▶ [Collection entries]:
* * * *

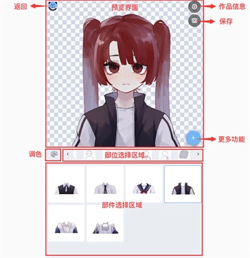 左右滑动部件选择区域,或是点击上方“部位选择区域”里的小图标来切换部位,这样就能替换其他部位的部件了。
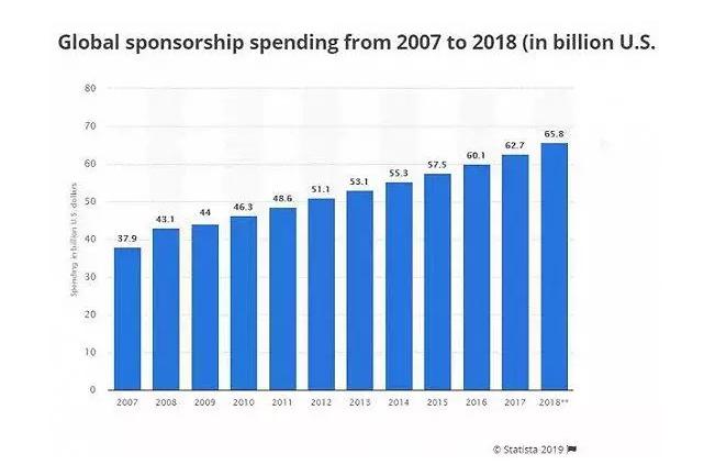 1937年的9月16日,英國廣播公司(BBC)通過電視直播了阿森納一線隊和預備隊的一場比賽,這次直播觸達了數(shù)以萬計的用戶,讓品牌廣告的投放找到了一個優(yōu)質(zhì)的場景。根據(jù)Statista的統(tǒng)計,目前每年全球的體育營銷投放市場已經(jīng)達到了660億美元。
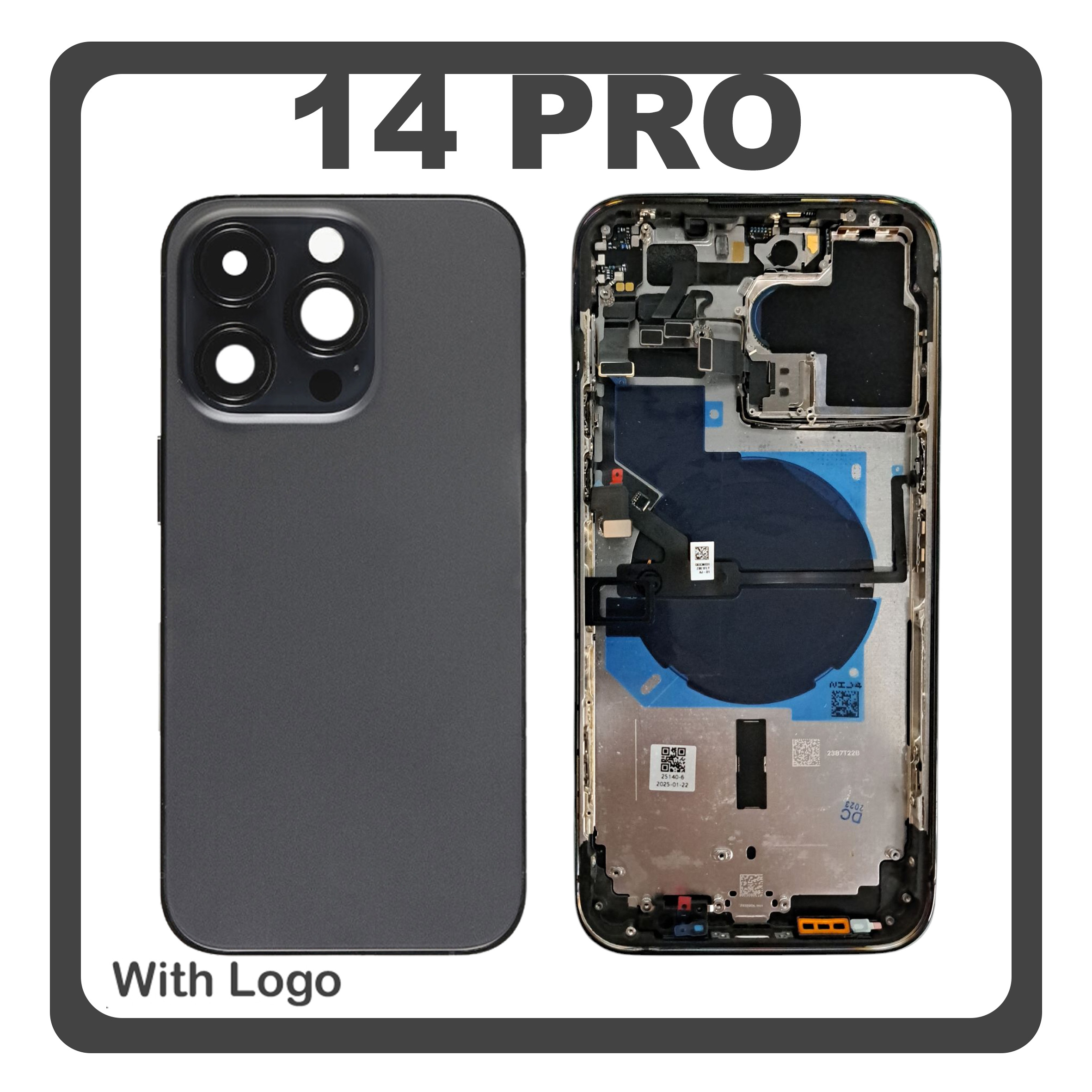 HQ OEM Συμβατό Με Apple iPhone 14 Pro (A2890, A2650) Rear Back Battery Cover Middle Frame- Housing Πίσω Κάλυμμα Καπάκι Πλάτη Μπαταρίας + Power Button + Volume Button Flex Cable + Sim Card Tray + Flashlight Flex + NFC Black Μαύρο (Premium A+)
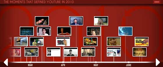 Den hat Youtube jetzt zusammengestellt und als “Youtube Rewind – 2010 – The year in review” veröffentlicht. Der Jahresrückblick kommt als übersichtliche Zeitleiste, die über zwei Pfeile gescrollt werden kann. Daran angeknüpft sieht man Vorschaubilder für die einzelnen Filme, die per Mausklick vergrößert und betrachtet werden können.
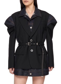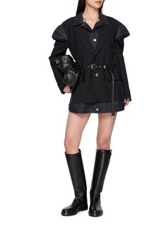 sacai 善于打破常规,制造惊喜,将各种材质、色彩、廓形巧妙糅合,颠覆传统时装美学。这款外套以西装与牛仔拼接打破边界,泡泡肩型衬出轮廓,配腰带收束腰身。搭简约皮靴,带来街头酷帅步伐。
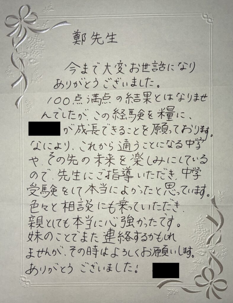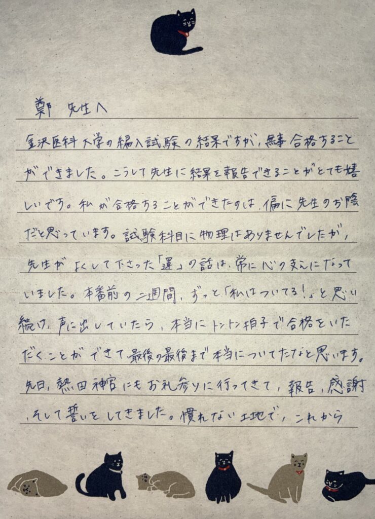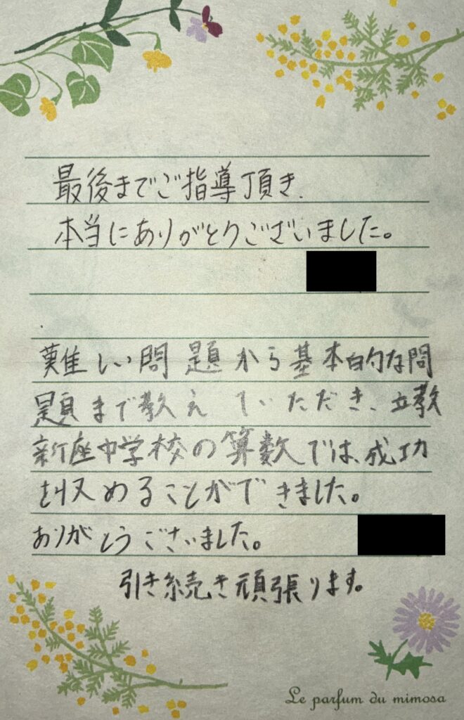 実際に指導を受けた生徒・保護者の方からいただいたお手紙をご紹介しています。
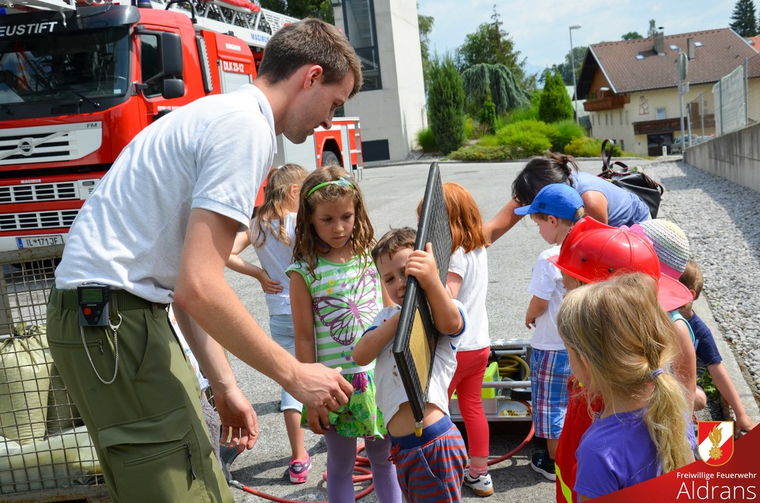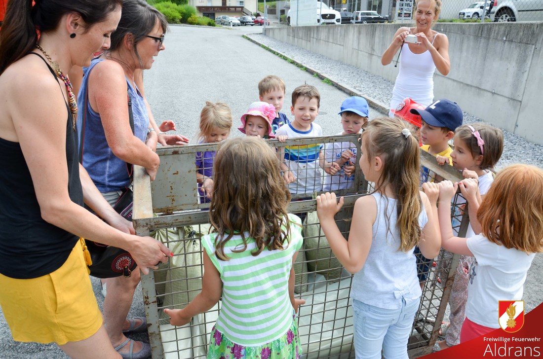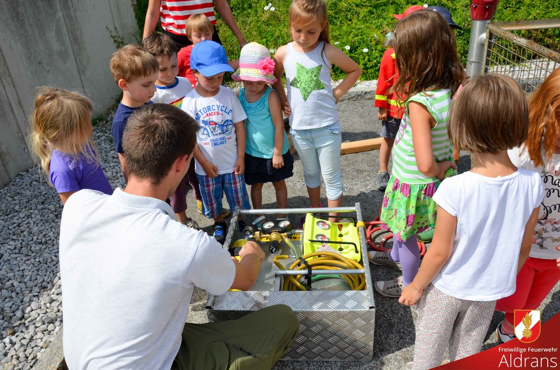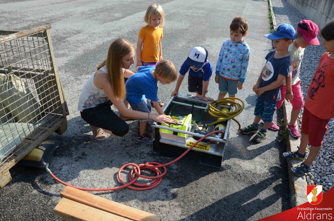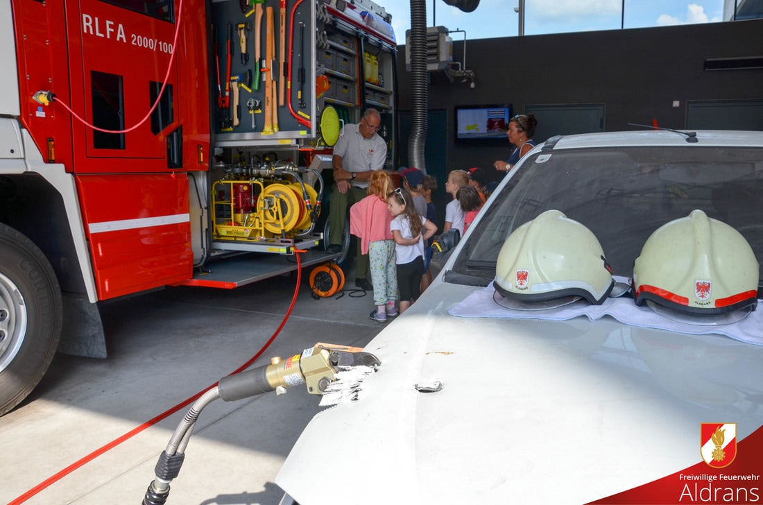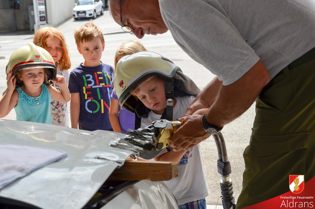 Schon traditionell findet kurz vor den Sommerferien der Besuch des Aldranser Kindergarten in der Feuerwehr Aldrans statt. Bei diesem Besuch gibt es immer spannende Stationen wobei die Kinder direkt eingebunden werden. Bei der ersten Station wurde den Kindern unser RLFA mitsamt der Bergeschere vorgestellt. Hier durfte jeder selbst bei einem Übungsauto mit dem kleinen Pedalschneider das Fahrzeug „zerlegen“. Weiter ging es auf dem Vorplatz. Hier wurde die Stärke der Hebekissen vorgeführt.

* * * *

▶ [ACTIVITY]:
Leaving pictures out, output the lines of the data above from the one with "1937年的9月16日,英國" through the one with "HQ OEM Συμβατό", word for word.

▶ [TASK OUTPUT]:
 1937年的9月16日,英國廣播公司(BBC)通過電視直播了阿森納一線隊和預備隊的一場比賽,這次直播觸達了數(shù)以萬計的用戶,讓品牌廣告的投放找到了一個優(yōu)質(zhì)的場景。根據(jù)Statista的統(tǒng)計,目前每年全球的體育營銷投放市場已經(jīng)達到了660億美元。
 HQ OEM Συμβατό Με Apple iPhone 14 Pro (A2890, A2650) Rear Back Battery Cover Middle Frame- Housing Πίσω Κάλυμμα Καπάκι Πλάτη Μπαταρίας + Power Button + Volume Button Flex Cable + Sim Card Tray + Flashlight Flex + NFC Black Μαύρο (Premium A+)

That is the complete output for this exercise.